▶ _Data for analysis_
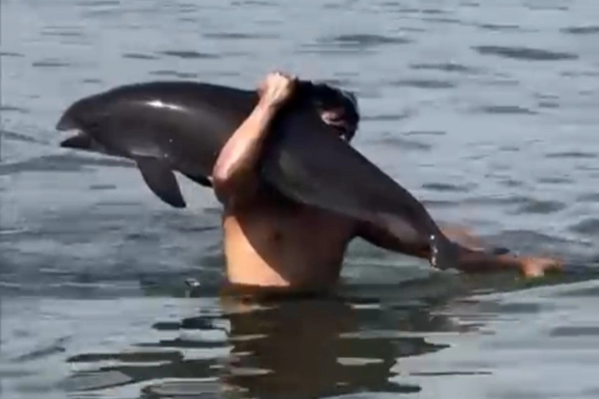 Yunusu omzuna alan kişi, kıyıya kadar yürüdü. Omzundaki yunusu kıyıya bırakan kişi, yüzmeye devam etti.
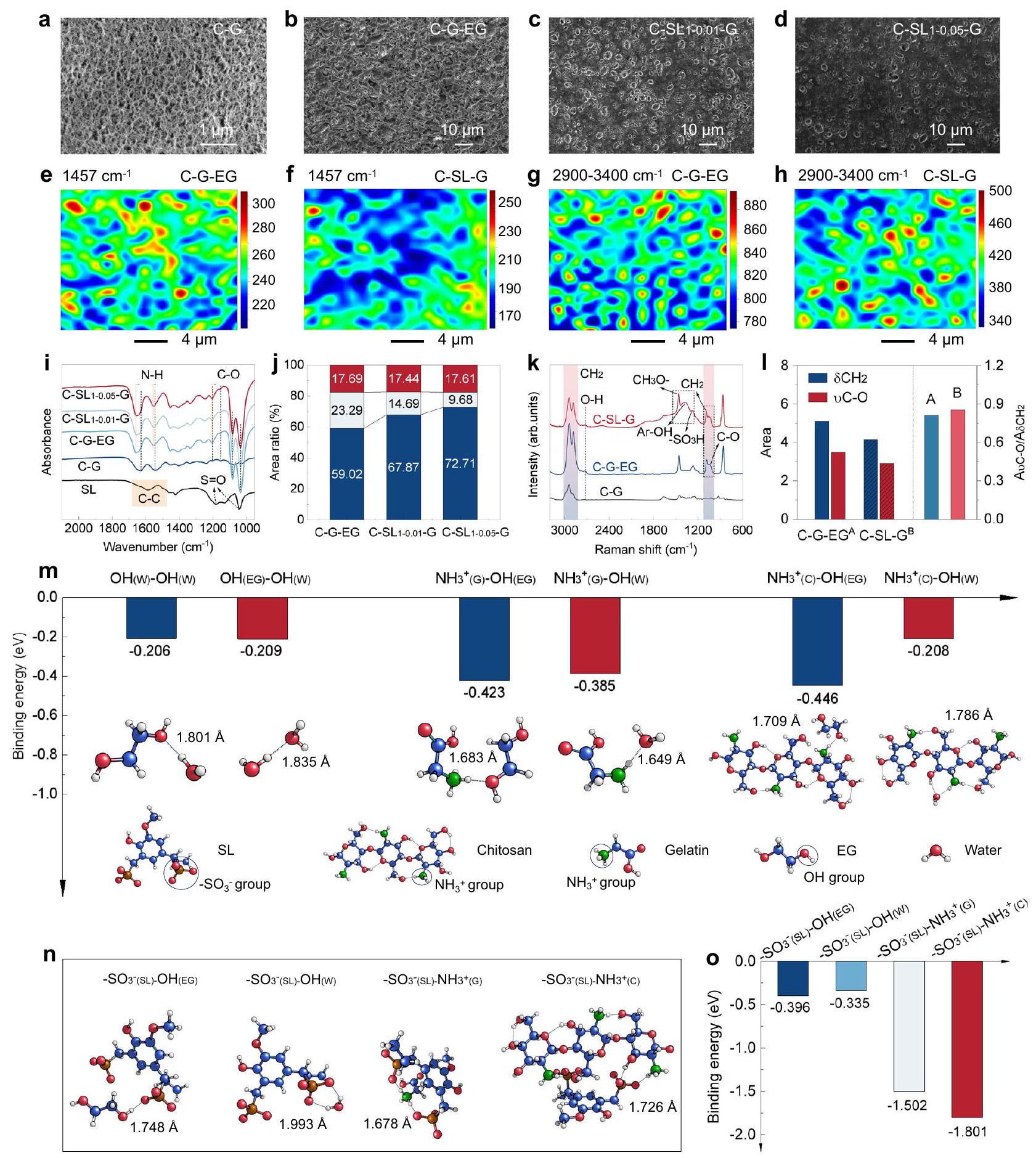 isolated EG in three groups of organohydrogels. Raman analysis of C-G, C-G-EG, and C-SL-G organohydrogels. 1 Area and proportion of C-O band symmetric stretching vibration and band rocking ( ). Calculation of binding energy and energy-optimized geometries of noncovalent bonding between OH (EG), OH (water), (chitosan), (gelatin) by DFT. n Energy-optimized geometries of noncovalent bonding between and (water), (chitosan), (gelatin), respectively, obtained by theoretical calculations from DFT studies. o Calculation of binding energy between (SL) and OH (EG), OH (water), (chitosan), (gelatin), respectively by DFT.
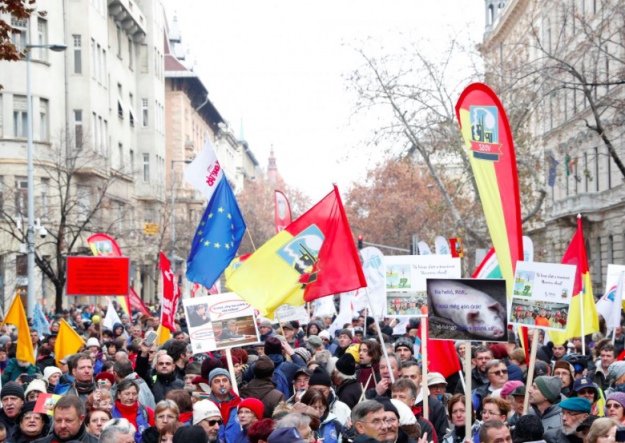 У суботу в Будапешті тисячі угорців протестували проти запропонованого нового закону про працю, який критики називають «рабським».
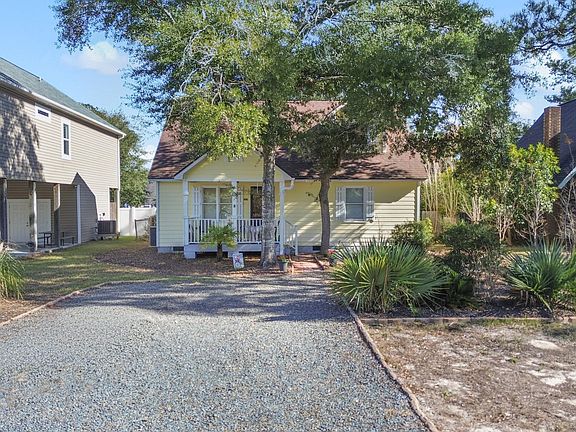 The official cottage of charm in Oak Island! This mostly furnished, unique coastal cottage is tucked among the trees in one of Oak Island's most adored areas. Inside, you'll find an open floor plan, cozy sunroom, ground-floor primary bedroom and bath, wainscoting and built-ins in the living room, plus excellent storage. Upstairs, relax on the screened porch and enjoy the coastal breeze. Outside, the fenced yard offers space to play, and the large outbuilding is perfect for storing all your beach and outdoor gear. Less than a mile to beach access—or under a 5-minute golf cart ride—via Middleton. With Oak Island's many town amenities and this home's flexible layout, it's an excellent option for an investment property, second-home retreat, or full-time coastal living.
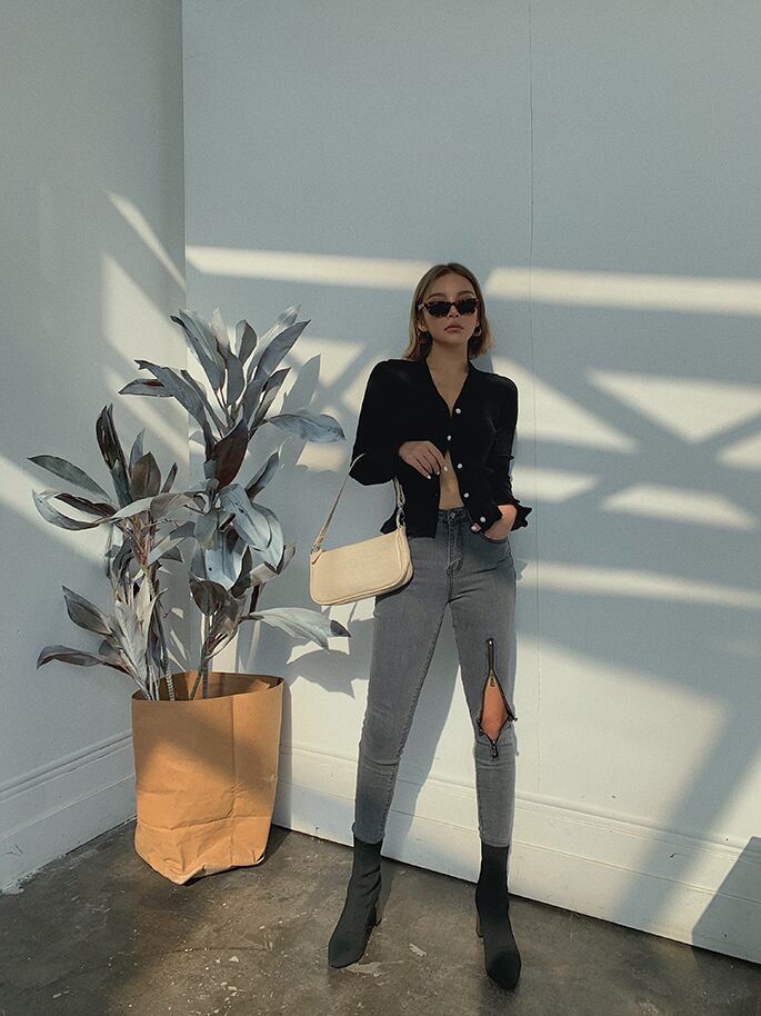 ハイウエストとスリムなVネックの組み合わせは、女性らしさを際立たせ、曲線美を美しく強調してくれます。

▶ _Work instructions_
Return every entry above exactly as written, minus the pictures.

▶ _Output of the task_
 Yunusu omzuna alan kişi, kıyıya kadar yürüdü. Omzundaki yunusu kıyıya bırakan kişi, yüzmeye devam etti.
 isolated EG in three groups of organohydrogels. Raman analysis of C-G, C-G-EG, and C-SL-G organohydrogels. 1 Area and proportion of C-O band symmetric stretching vibration and band rocking ( ). Calculation of binding energy and energy-optimized geometries of noncovalent bonding between OH (EG), OH (water), (chitosan), (gelatin) by DFT. n Energy-optimized geometries of noncovalent bonding between and (water), (chitosan), (gelatin), respectively, obtained by theoretical calculations from DFT studies. o Calculation of binding energy between (SL) and OH (EG), OH (water), (chitosan), (gelatin), respectively by DFT.
 У суботу в Будапешті тисячі угорців протестували проти запропонованого нового закону про працю, який критики називають «рабським».
 The official cottage of charm in Oak Island! This mostly furnished, unique coastal cottage is tucked among the trees in one of Oak Island's most adored areas. Inside, you'll find an open floor plan, cozy sunroom, ground-floor primary bedroom and bath, wainscoting and built-ins in the living room, plus excellent storage. Upstairs, relax on the screened porch and enjoy the coastal breeze. Outside, the fenced yard offers space to play, and the large outbuilding is perfect for storing all your beach and outdoor gear. Less than a mile to beach access—or under a 5-minute golf cart ride—via Middleton. With Oak Island's many town amenities and this home's flexible layout, it's an excellent option for an investment property, second-home retreat, or full-time coastal living.
 ハイウエストとスリムなVネックの組み合わせは、女性らしさを際立たせ、曲線美を美しく強調してくれます。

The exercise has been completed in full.